第25話 僕のはじめて

彼女に出会ったのは中学1年の夏休みのことでした。



部活にも入っておらず、私立の中学校でエスカレーター式に進学するため、受験前だからと塾や予備校の夏季講習に通わなくてもよくなり、だからといって山のように課された宿題に手をつける気力もなく、だらだらと一日過ごしていました。


両親は「受験疲れで気が抜けたのかしら、ゆっくり休んだら」などと優しくしてくれて昼夜逆転の生活をしていても、何も言われませんでした。




あの日も、僕は明け方近くまであてもなくネットサーフィンをしたり、掲示板を見ていたので、寝ようと思ってベッドに入った時は、もう空が薄明るくなっていました。




目を閉じてうとうとしていると、不意に耳鳴りがしてきました。生活が不規則になったせいかと思いましたが、身体が動きません。


指一本動かせませんでした。


しかし意識だけははっきりしていて、両目だけは自由に様子をうかがうことができました。部屋の空気が、妙にざらざらと粒子が粗いような気がしました。
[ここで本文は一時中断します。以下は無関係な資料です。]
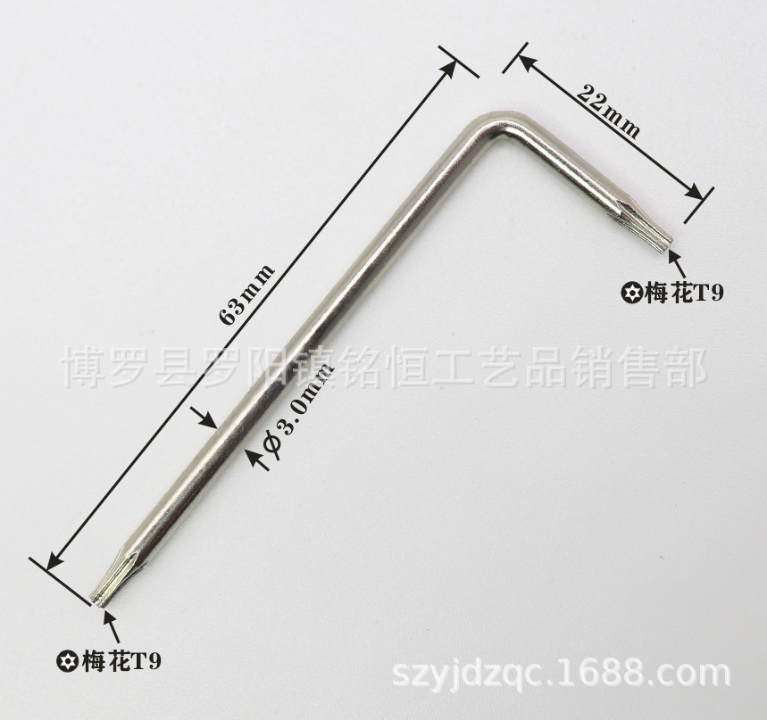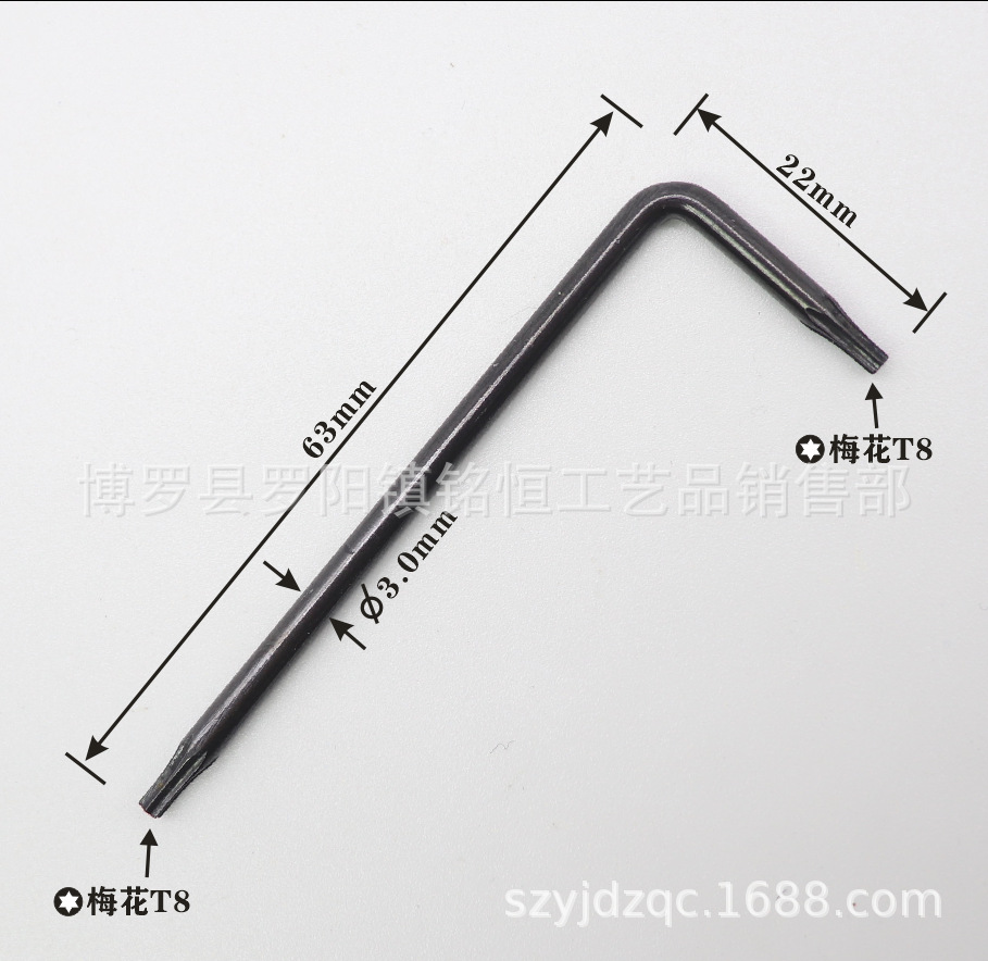 刀杆粗3mm,长边(T10梅花带孔)63MM,短边(T10梅花带孔)22MM

ふと、腰から下に違和感をおぼえました。身体が動かせないので精一杯両目を動かして見てみると、彼女が僕の上に、またがるようにして座っていたのです。髪の毛は長く、僕よりも年上で薄紫色のワンピースを着ていました。丸く小ぶりな乳房と、細いウエスト、裾から伸びる太ももに、僕は自分の置かれた状況を忘れて、興奮しました。


彼女はにっこりと笑い、僕の上で身体を上下に揺らしました。すると腰から下がしびれるような気持ちよさと、柔らかさに包まれました。未経験の感覚に、僕は声にならない叫びを挙げました。




それから毎日、僕が眠る頃になると彼女は金縛りとともに部屋に来て、僕にまたがり同じ動作を繰り返しました。僕は彼女を心待ちにして、夏休みを過ごしました。




新学期がはじまり、授業や文化祭など、めまぐるしい毎日に追われるにしたがって、彼女は僕のところにだんだんと現れなくなりました。最後にふたりが、その行為を終えたあと、彼女は僕の右手首にくちづけをして消えてしまいました。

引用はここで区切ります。